Общественное мнение в основном сводилось к тому, что это работа хинкстонских подростков. Недели две назад Боб застукал юную парочку, валявшуюся в чем мать родила на одной из заброшенных могил, но их-то помыслы были далеки от вандализма. Вспомнив сейчас тот случай, Боб улыбнулся. Действительно забавно: парень ковылял, путаясь в собственных брюках, а девица улепетывала, размахивая белым бюстгальтером, точно капитулянтским флагом. Об этом случае Боб не сообщил в полицию. Но бесчинства хулиганов не могли его не беспокоить. Много ночей подряд он выходил из своего домика и прочесывал кладбище вдоль и поперек, однако до сих пор его ночные бдения не давали результатов. Стараясь не обращать внимания на боли в спине, Боб засыпал могилу. И вдруг за спиной его послышался какой-то шум. Сначала он было подумал, что это дождь шумит в ветвях деревьев. Но когда странный шорох повторился, Боб понял, что доносился он из кустов, окружавших соседнюю могилу. Боб прекратил работу. Оглянулся, напряженно вглядываясь в темноту.
Прошла минута, но звук не повторился.
Боб снова взялся за лопату.
«Еще чуть-чуть — и дело сделано», — с облегчением подумал он. И тут снова услыхал все тот же шорох.
Бросив лопату, Боб резко повернулся.
«Наверное, какой-нибудь зверек», — решил он, делая шаг в направлении кустов: во время ночных прогулок по кладбищу он встречал белок и даже барсуков...
А вдруг это хулиганье? Впрочем, едва ли. Те бы дождались более позднего часа, чтобы не наткнуться на свидетелей.
Он осторожно раздвинул кусты.
Никого. Дождь по-прежнему лил как из ведра. Что-то коснулось его плеча. Боб вскрикнул. Нащупал в кармане плаща армейский нож. Казалось, по плечу его хлестнула ветка, пригибавшаяся под порывами ветра. Боб направился обратно к могиле.

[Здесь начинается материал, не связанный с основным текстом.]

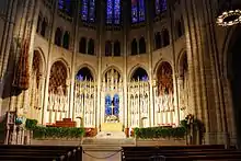 The chancel is directly north of the nave, slightly raised above it and separated from the nave by a limestone railing with 20 quatrefoil medallions. The western portion of the rail contains a pulpit with a wooden canopy and three carved limestone blocks.[160][165] A labyrinth composed of three types of marble; it was inspired by a similar design at Chartres Cathedral and is inlaid in the middle of the chancel floor. The labyrinth is flanked on both sides are four rows of oaken choir stalls with carvings of Psalms texts.[160][166] To the north, behind the choir stalls, is the organ console.[166] A communion table made of Caen stone is near the back of the chancel in the center, behind which is a baptismal pool.[166][163]

И тут перед ним возникла мужская фигура с лопатой в руках — с лопатой, которой он только что работал.
В темноте, под проливным дождем, Боб не мог рассмотреть лицо незнакомца. Но он шагнул ему навстречу и потребовал, чтобы тот положил на место лопату.
В следующее мгновение мужчина размахнулся и обрушил лопату на голову могильщика. Удар пришелся по лицевой части черепа. Глухой крик сопровождался хрустом кости... Секунду спустя мужчина приблизился к Бобу и, стоя над ним, какое-то время с интересом наблюдал, как из разбитого лица хлещут потоки крови, заливающие плащ. Затем неизвестный еще раз взмахнул лопатой, целя на этот раз по ногам. Мощный удар перебил обе голени. Боб дико завопил, почувствовав, как разрывают его плоть впившиеся в нее перебитые кости.
Он лежал в грязи, уже впадая в спасительное забытье. Однако еще успел почувствовать, как его голову приподнимают от земли — аккуратно, чуть ли не бережно. И еще увидел нож с длинным тонким лезвием. Нож погрузился в его правый глаз.
Лезвие медленно проталкивали внутрь черепа — до тех пор, пока острие не коснулось затылочной кости. Потом убийца поднял бездыханное тело — поднял с такой легкостью, словно Боб Такер был младенцем.
Единственным свидетельством произошедшего могли служить лишь кровавые лужи на сырой земле. Однако дождь, упорный, нескончаемый, вскоре смыл и эти следы преступления.